Umweltminister Carsten Schneider fordert den beschleunigten Ausbau erneuerbarer Energien und verbesserten Mieterschutz im Rahmen der Reform des Heizungsgesetzes, um Deutschlands Unabhängigkeit von fossilen Brennstoffen zu sichern und die Klimaziele bis 2030 zu erreichen.

Was war der Auslöser für den Vorfall?

  • Forderung nach weiterem Ausbau erneuerbarer Energien
  • Reform des Heizungsgesetzes und Mieterschutz
  • Unabhängigkeit von fossilen Brennstoffen als zentrale Frage
  • Priorität des Ausbaus von Windkraft und Solarenergie
  • Kritik an Referentenentwurf zur Reform des EEG
  • Einigung der Bundestagsfraktionen von Union und SPD
  • öffentliche Kritik am Entwurf des Heizungsgesetzes
  • Notwendigkeit zur Veröffentlichung des Klimaschutzprogramms bis 25. März
  • Ziel von 65 Prozent CO2-Einsparung bis 2030 im Vergleich zu 1990

Wie hat die Öffentlichkeit oder Politik reagiert?
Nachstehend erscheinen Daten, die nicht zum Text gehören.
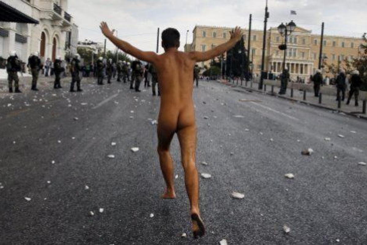 Un trabajador muestra el culo a los antidisturbios desplegados en los alrededores del Parlamentos europeo en Bruselas durante las manifestaciones de trabajadores y sindicalistas de la UE para pedir más protección laboral.
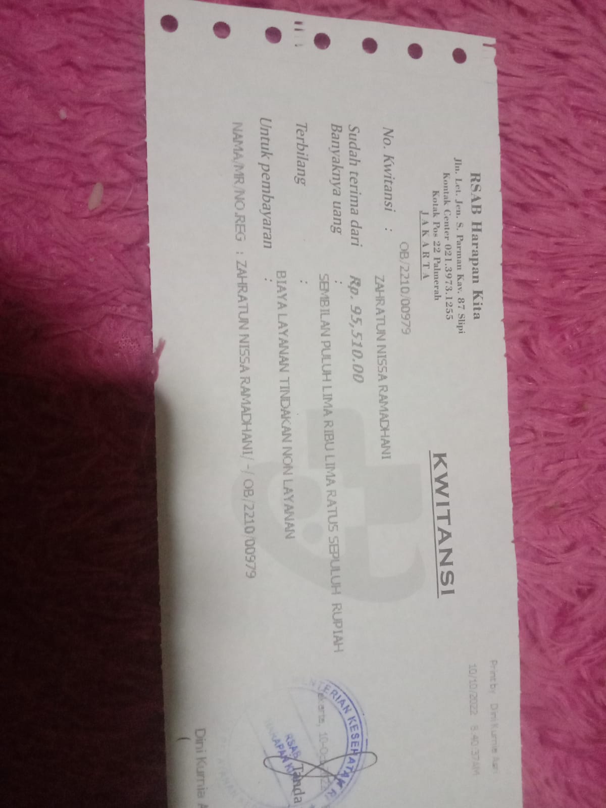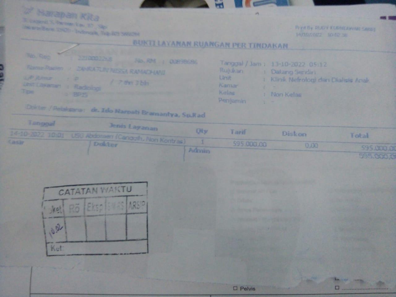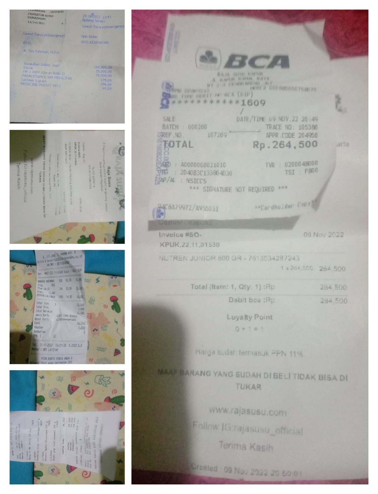 Dana digunakan untuk: 1. Susu Blenuten 800 gram @265.000x2 kaleng= 530.000 2. Untuk nebus obat 150.000 (belum ada resep, namun sudah ada tagihan dari apotek). 3. Untuk cek ke Poli psikolog 450.000 (tidak dicover bpjs) untuk konsultasi karena dalam belajar zahra agak kurang konsentrasi 4. Ongkos Bajaj dari Penjaringan ke RSAB Harapan Kita Slipi 35.000 bolak balik 70.000 x 4hari=280.000 Total 1.410.0002022-09-13 17:32:22

  • Umweltminister Carsten Schneider fordert Ausbau von Erneuerbaren Energien und Mieterschutz
  • Betonung auf Unabhängigkeit von fossilen Brennstoffen als zentrale Frage
  • Ausbau von Windkraft und Solarenergie als prioritär angesehen
  • Kein genereller Stopp beim Ausbau der erneuerbaren Energien vorgesehen
  • Kritik am Referentenentwurf zur Reform des Erneuerbare-Energien-Gesetzes
  • Reform des Gebäude-Energie-Gesetzes erfordert Nachbesserungen, um Mieter zu schützen
  • Koalition aus Union und SPD hat sich auf Reform geeinigt
  • SPD-Politiker fordern Nachbesserungen nach öffentlicher Kritik
  • Klimaschutzprogramm muss bis 25. März veröffentlicht werden
  • Ziel: 65 Prozent CO2-Einsparung bis 2030 im Vergleich zu 1990

Welche Konsequenzen werden genannt?

  • Ausbau von Erneuerbaren Energien wird prioritär behandelt
  • Keine generelle Stopp beim Ausbau der erneuerbaren Energien
  • Kapazitäten bei Sonne und Wind werden weiter ausgebaut
  • Reform des EEG muss vom Kabinett und Bundestag beschlossen werden
  • Nachbesserungen beim Mieterschutz im Heizungsgesetz werden versprochen
  • Mieter sollen nicht auf höheren Heizkosten sitzen bleiben
  • Klimaschutzprogramm muss bis zum 25. März veröffentlicht werden
  • Ziel ist, bis 2030 mindestens 65 Prozent CO2 im Vergleich zu 1990 einzusparen

Gibt es bereits eine Stellungnahme?

Ja, im Artikel wird eine Stellungnahme von Umweltminister Carsten Schneider (SPD) zitiert, in der er den Ausbau von Erneuerbaren Energien als prioritär bezeichnet und verspricht, dass es keinen generellen Stopp beim Ausbau geben werde.